▶ Data to process

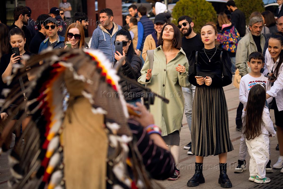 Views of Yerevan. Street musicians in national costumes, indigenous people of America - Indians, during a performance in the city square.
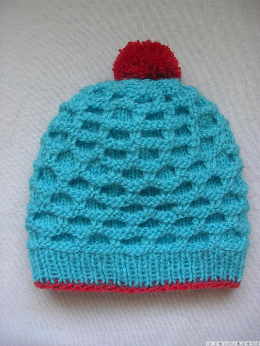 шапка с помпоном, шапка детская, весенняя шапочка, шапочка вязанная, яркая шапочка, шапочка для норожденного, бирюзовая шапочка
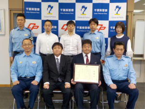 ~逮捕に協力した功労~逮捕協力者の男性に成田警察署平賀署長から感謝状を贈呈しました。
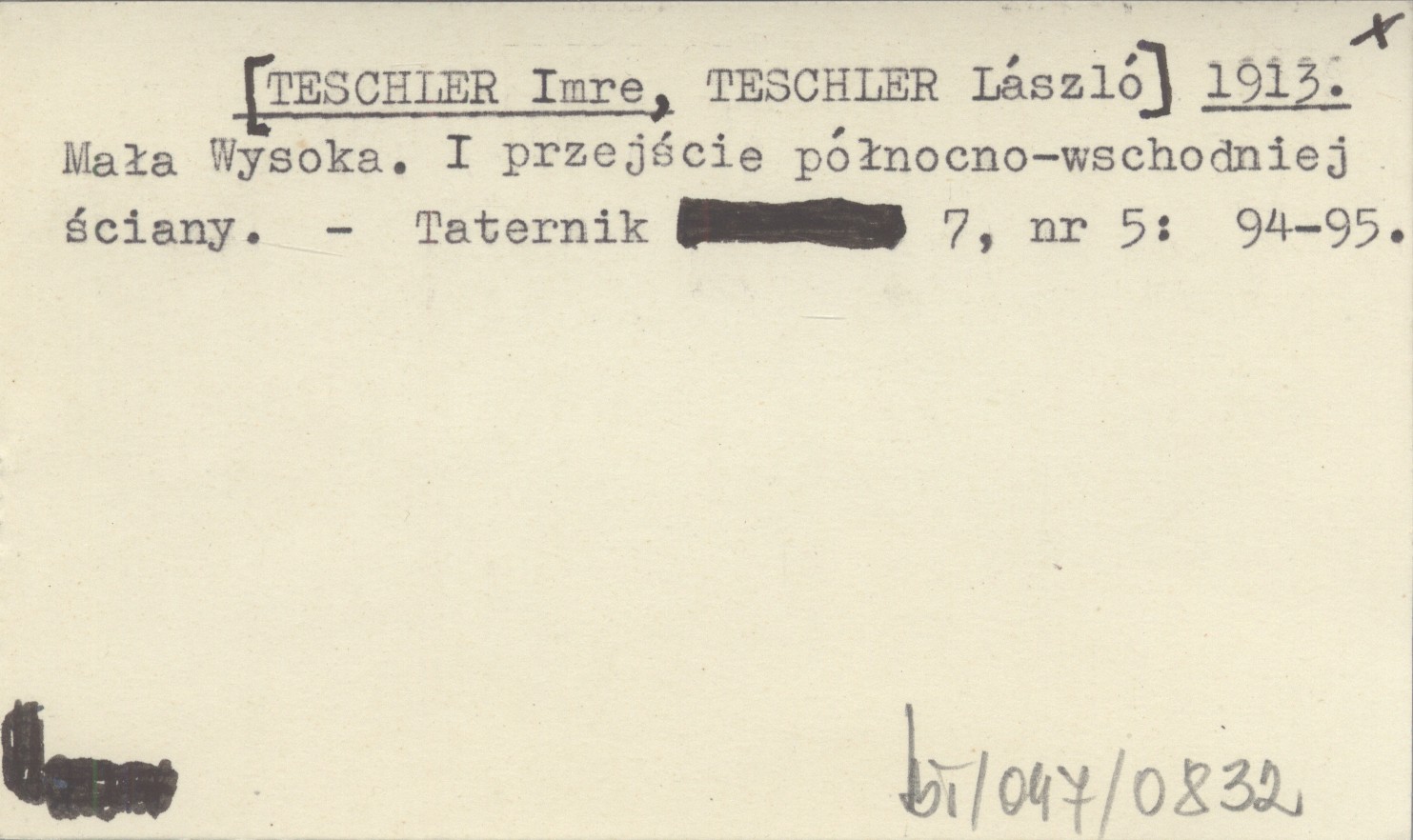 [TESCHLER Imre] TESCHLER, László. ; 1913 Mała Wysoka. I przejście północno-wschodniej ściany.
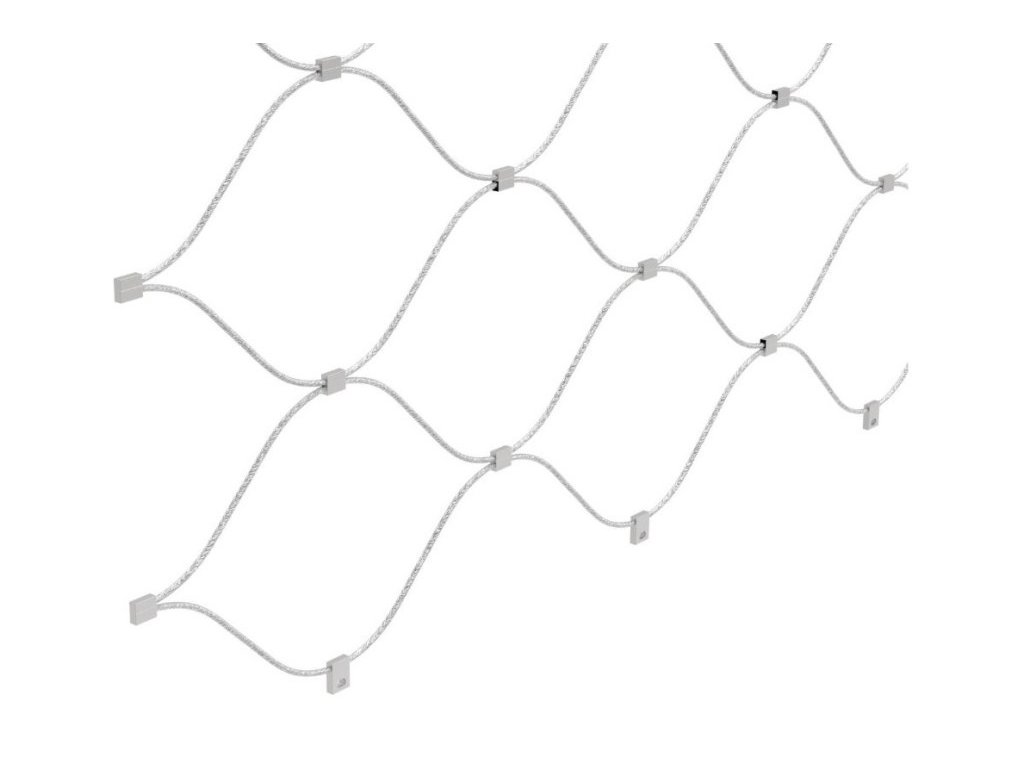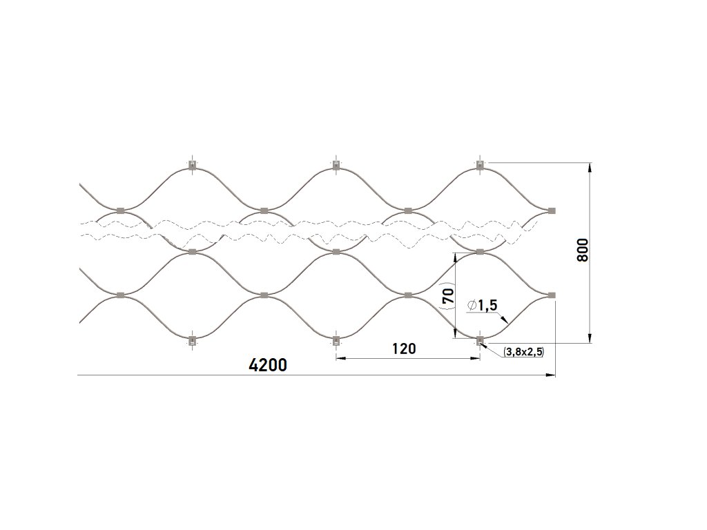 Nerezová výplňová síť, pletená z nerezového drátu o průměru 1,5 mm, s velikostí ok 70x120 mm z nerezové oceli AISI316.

▶ Required work
Give the data above again, exactly and completely. No pictures go in.

▶ Expected output
 Views of Yerevan. Street musicians in national costumes, indigenous people of America - Indians, during a performance in the city square.
 шапка с помпоном, шапка детская, весенняя шапочка, шапочка вязанная, яркая шапочка, шапочка для норожденного, бирюзовая шапочка
 ~逮捕に協力した功労~逮捕協力者の男性に成田警察署平賀署長から感謝状を贈呈しました。
 [TESCHLER Imre] TESCHLER, László. ; 1913 Mała Wysoka. I przejście północno-wschodniej ściany.
 Nerezová výplňová síť, pletená z nerezového drátu o průměru 1,5 mm, s velikostí ok 70x120 mm z nerezové oceli AISI316.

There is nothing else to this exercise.